Our estimates peg SpiceJet's net profit for the September 2010 quarter at around 65 crore, which will boost its trailing 12-month profits to 256 crore. Its current market capitalisation is just 12 times this, which appears highly attractive, considering the bright prospects ahead.

MERCATOR LINES
Mercator Lines is another such company expected to report a significantly better performance in the September 2010 quarter on the back of a turnaround in tanker freight rates. The tanker freight market has gained from a pickup in global oil demand and is nearly twice that of the year-ago period.
As a result, we expect the company to report a consolidated net profit of 40 crore in the September 2010 quarter, compared to a net loss of 1.9 crore a year earlier. The scrip is currently trading at a price-to-earnings multiple (P/E) of 18.4. However, post-September quarter results, the P/E would fall to 11.4, giving it reasonable scope to gain.

SICAL LOGISTICS
The increased economic activity and higher port and rail container operations in the past few quarters have benefited the logistics industry. Sical Logistics had already shown a sharply improved performance in the June 2010 quarter against the year-ago period. The company is expected to continue with the same momentum in the September 2010 quarter as well. We expect it to convert its last September quarter loss of 37 crore to a net profit of around 7 crore in the current quarter. This will value the company at 11.3 times its annual earnings, which is attractive for long-term investors.

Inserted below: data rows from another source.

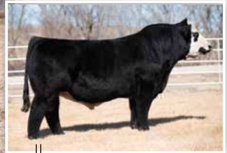
SFI SAVAGE D20 SIRE OF LOT 82
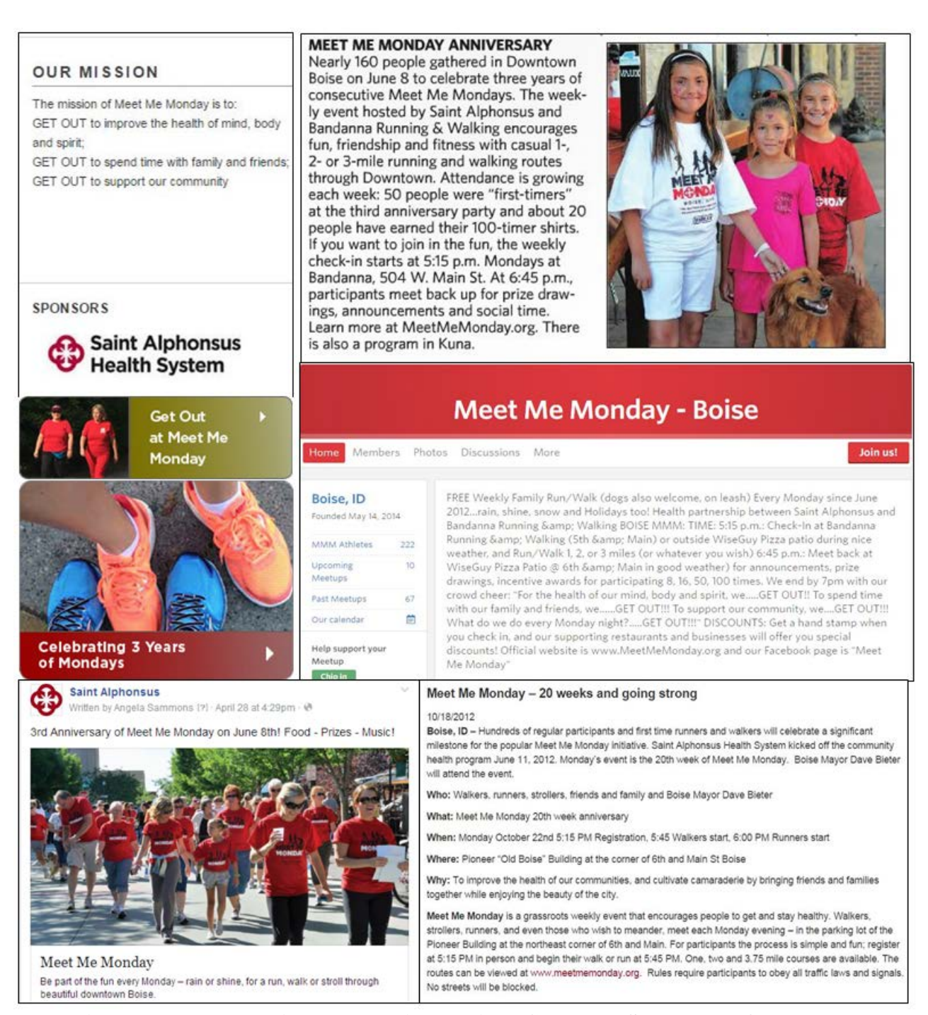
Figure F.1 Marketing and Public Relations Collateral Samples, 1 of 2
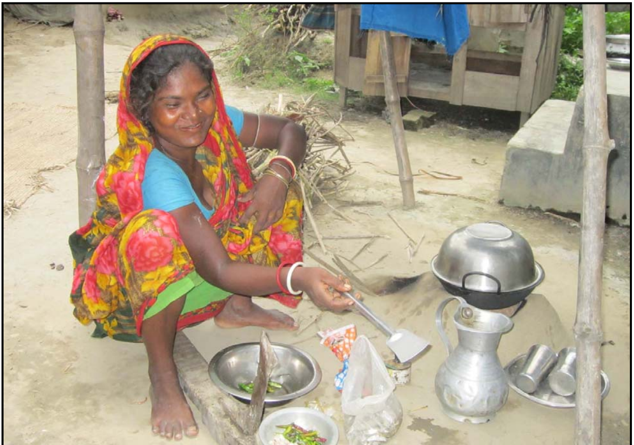
The kitchen garden vegetables are use for daily cooking and some for sell to neighbours
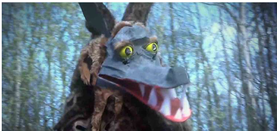
Stanislas Paruzel, Le Village du Bout du Monde , 2023, HD video, 16'31". Produced by 40mcube, with the support of Courtel Company and IME Les enfants au Pays.
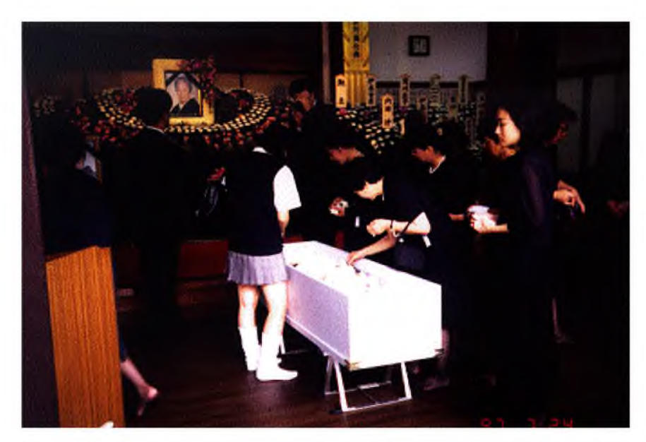
Figure 4. Placing flowers in the coffin.

the coffin around the body of the deceased (Figure 4). A wooden staff (to aid on the post-mortem journey) or items of significance to the deceased (e.g., books, eyeglasses, food) may be placed in the coffin. The coffin is closed and mourners symbolically pound a nail into the coffin using a stone. The coffin is then carried on men's shoulders from the house or temple to the hearse (Figure 5). Finally, the chief
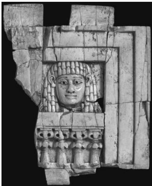
Figure 2.2. Woman at the Window , British Museum.
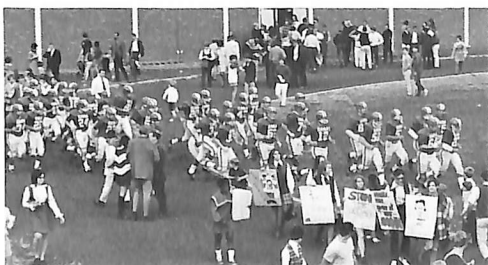
The Vikings, who began a Homecoming-game winning streak last year, repeated that effort by defeating Sioux Falls College, 24-20, for a capacity crowd of students and alumni on Saturday afternoon.
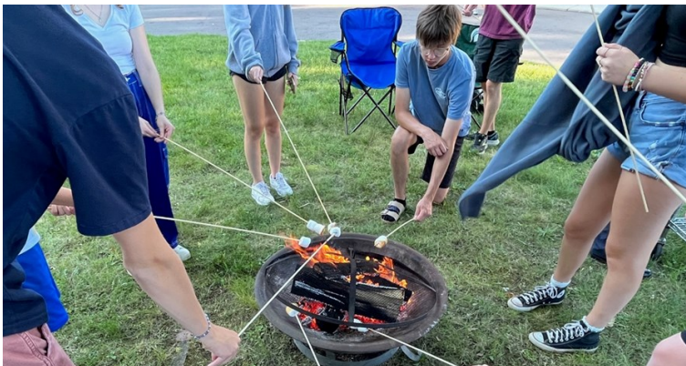
Small groups of differing ages and interests gather at the church building, online and out in the community throughout the year.
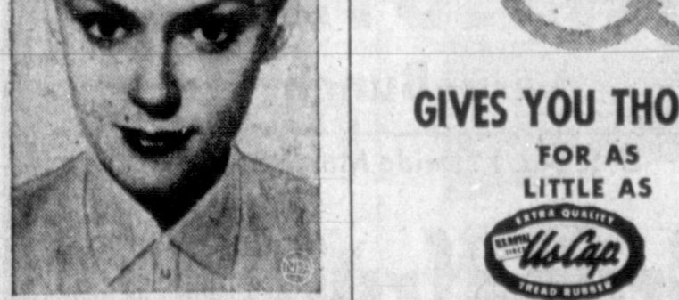
HERSELF NOW—Pretty Peggy King, the singer who has often been mistaken for Judy Garland, is escaping the "Second Judy Garland" tag. And she's happy about it, saying the tag "made me a has-been before I was a been." She's now in high gear as Peggy King.

One last thing she objects to: Being called a fisherman's daughter.
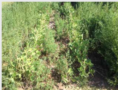
DuPont PRE herbicide followed by glyphosate postemergence
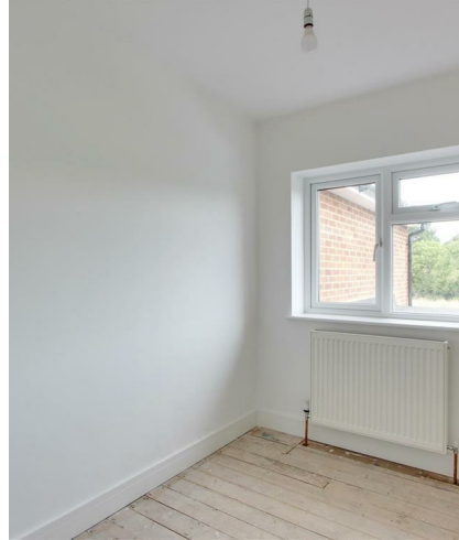
A spacious four bedroom home situated in the very heart of the village and NO ONWARD CHAIN.
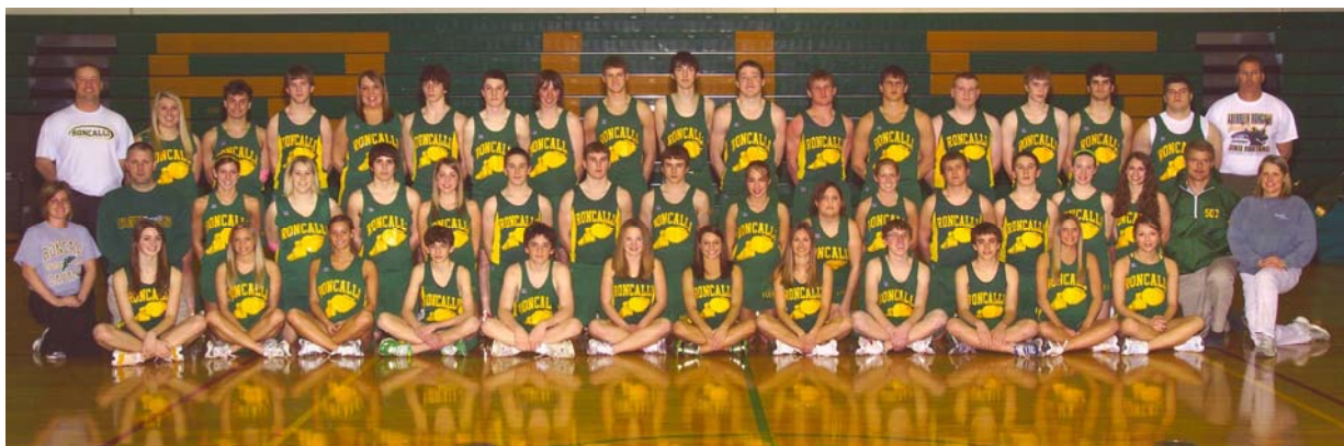
State Class "A" Track and Field Champions: Aberdeen Roncalli Cavaliers

KHAITAN CHEMICALS & FERTILISERS
The central India-based producer of single super phosphate Khaitan Chemicals and Fertilisers (KCFL) is also set to see a change of fortunes this quarter. The company had incurred a small net loss in the September 2009 quarter due to high raw material costs. However, things have improved since then. The company reported profits in the past three quarters and is now benefiting from the government's nutrient-based subsidy scheme, which was made applicable to SSP from May 2010.
We expect the company to report net profit of around 6.2 crore for the September 2010 quarter. Considering its current market capitalisation, these profits will bring down its valuation to just 5.8 times.

INDIAN METALS & FERRO ALLOYS
India’s largest fully-integrated producer of ferrochrome, Indian Metals & Ferro Alloys is also set to witness a boost in the September 2010 quarter profit. During the similar period of the past year, the company was suffering from lower sales and high input costs, eroding its operating profit margins and incurring a net loss.
The scene is totally different now. The company is increasing its capacity utilisation as volumes are growing, while the international ferrochrome prices have improved. Its acquisition of Utkal Manufacturing's 40,000-tonne capacity in FY10 is adding to revenues. Our estimates for the company's September 2010 quarter are quite bullish with a net profit target of 60 crore. This will take the trailing 12-month profits to 165 crore and bring down its valuation to just 11.6 times.
The company is also expanding its ferrochrome production capacity by another 40,000 tonnes and increasing its power generation capacity by 30 mw, which are expected to start operation from October and November 2010, respectively.
There are several other similar companies like SPML Infrastructure, Honda Siel Power Products, Ugar Sugar Works, Nitin Spinners, KIC Metaliks and Automobile Corporate of Goa, which had posted losses in the September 2009 quarter that are likely to transform into profits this September. Investors need to do detailed analysis of their future prospects and valuations before investing.